At some point in your life, you’re going to need to select a health care plan. Whether it’s because you’ve got: a first job, a new job, or kicked off your parents’ insurance, you’ll need to determine which plan is best for you. Usually, you need to pick one of two things: a high deductible health plan or one with a higher premium.
For most single, young adults you should seriously consider a high deductible plan. While I wouldn’t tell everyone to take this plan right away, it can work in your favor if you understand the variables. There are two major variables. What does your health currently look like? What do your savings look like?
In an ideal world, a young adult would want to look into a high deductible health plan and contribute to their health savings account. If these terms don’t sound familiar, don’t worry. I’ll break them down so you can make the best decision possible.
Why Choose a High Deductible Health Plan?
If you’re young and healthy, you might go years without any type of major medical procedure. With a high deductible plan, you’ll see less money coming out of your paycheck each month. If you go the entire year without any big procedures, you’ll end up saving a considerable amount of money when compared to plans with higher premiums.
High deductible health plans typically give coverage to “preventative care.” Your yearly check-up will be covered, but not an unexpected event.
Eventually, you will need a non-routine appointment or procedure. You go to the doctor and follow his recommendation; an x-ray would be a common example. That x-ray is going to look a lot more expensive when the bill comes back. This is because your monthly premium is low, and as a result your insurance subsidized much less of the cost.
Your deductible for the x-ray is $500 instead of $75, which seems extreme. Keep in mind, you’ve only been seeing $125 come out your paycheck for the last twelve months as opposed to $350. In the longterm, you’re still doing better. Plus, you should have money in your HSA to help cover that bill.
What If You Have a Lot of Health Expenses?
You get your x-ray and it reveals your leg is injured. You’ll need surgery and physical therapy on top of the x-ray and doctor appointments. The bills are accumulating quickly, but you shouldn’t fear too much. Eventually, you will start paying coinsurance. This means you’ve satisfied your health plan’s deductible and your coinsurance will cover a greater percentage of the costs associated with medical treatments. Often, this is a 80/20 split.
Your deductible resets at the start of each year, but if your surgery happens in July, you’ll have five full months with lower costs for medical expenses.
What is an HSA?
A health savings account, or a HSA, is one way to prepare for these bills and medical necessities. This allows an individual to contribute to a fund pre-tax. Of course, this fund is reserved for medical expenses such as glasses, dental work, or that expensive x-ray you just had. When you use it, it won’t be taxed either.
If you’re a human, you should be aware that you’ll have medical- related costs. So, if you don’t have to pay taxes on them, you shouldn’t. The money you don’t spend will roll over to the next year.

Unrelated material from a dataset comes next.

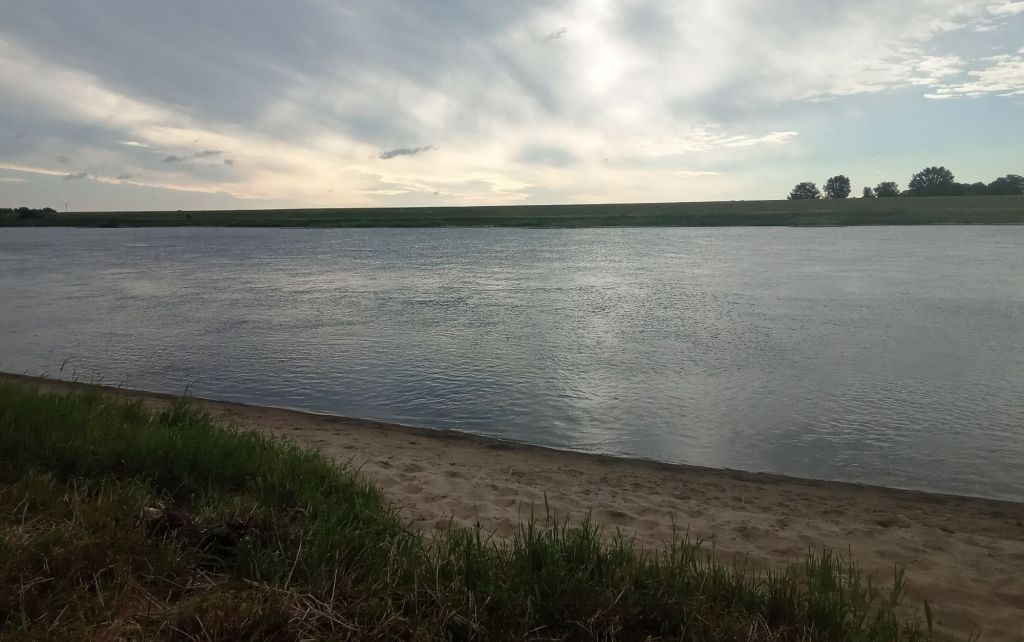 Réveillé à nouveau aux aurores, je replonge pour une grasse mat’ dominicale jusqu’à 6h30. Le vent s’est à nouveau levé. De ce fait, tente et housse vélo sont sèches. Je déjeune copieusement à ma place réservée sur la plage vistulienne. A 7h30, je quitte ce beau bivouac sous un ciel à nouveau voilé. Puis je sors des champs par un chemin de tracteurs, reprends la digue de protection avant de retrouver ma petite route de campagne.

This is your money, you can’t lose it, and it’s a great way to prepare yourself for the possibility of a medical emergency. Even if you change jobs or insurance policies, you keep your HSA. If you truly never need it, you can access this fund in retirement.
Of course, pre-tax money is too good to be infinitely true. The IRS caps the amount you can contribute each year. In 2020 it was $3,550 for an individual and in 2021 it will be $3,600. Some people are lucky enough to have their employer contribute to their HSA. As great as this it, it doesn’t extend your limit.
Why Would You Pick a Higher Premium Plan?
For some people, a higher premium might be beneficial. If you have routine treatments or a chronic condition, this plan will make budgeting much easier. If you know you’ll be visiting the doctor frequently, you might want to opt for a higher premium plan, often a PPO.
Families may also benefit from this plan because kids tend to go to the doctor more often. With more people in the family, the medical bills are going to collect more quickly. This may lead a family to opt for the more consistent payments even though they may be higher each month.
Ultimately, consistency and security are the main factors for opting into a higher premium plan. If you end up not going to the doctor for non-preventative treatments in a given year, you will spend a lot more on insurance than you would have with a high deductible health plan.
The Best First Health Plan
No one can tell you the best option for your health plan other than yourself, but a high deductible health plan is a good option for most young adults. Just make sure some of the savings go toward your HSA, ideally the IRS maximum. This will give you a source of funding if you ever get hit with a high bill.
Health insurance is a necessity. You can curse the health care system in the United States if you want; I’ve been there. Once you realize you need to be protected and want the potential to save money, opt for a high deductible health plan. Then, max out your HSA.
This is the optimist’s health plan: perfect if you hope for the best but prepare for the worst. With your HSA, you never lose the money. If you keep contributing and never need to spend the money, you’ll just watch your HSA grow. Someday this could allow you to afford laser eye surgery, or be of assistance when you reach an older age. Regardless, you are insured. If you’re blessed and never need to use your insurance you still have the peace of mind. If you do have a bigger procedure, you won’t be paying more. You’ll just be paying more in a single transaction.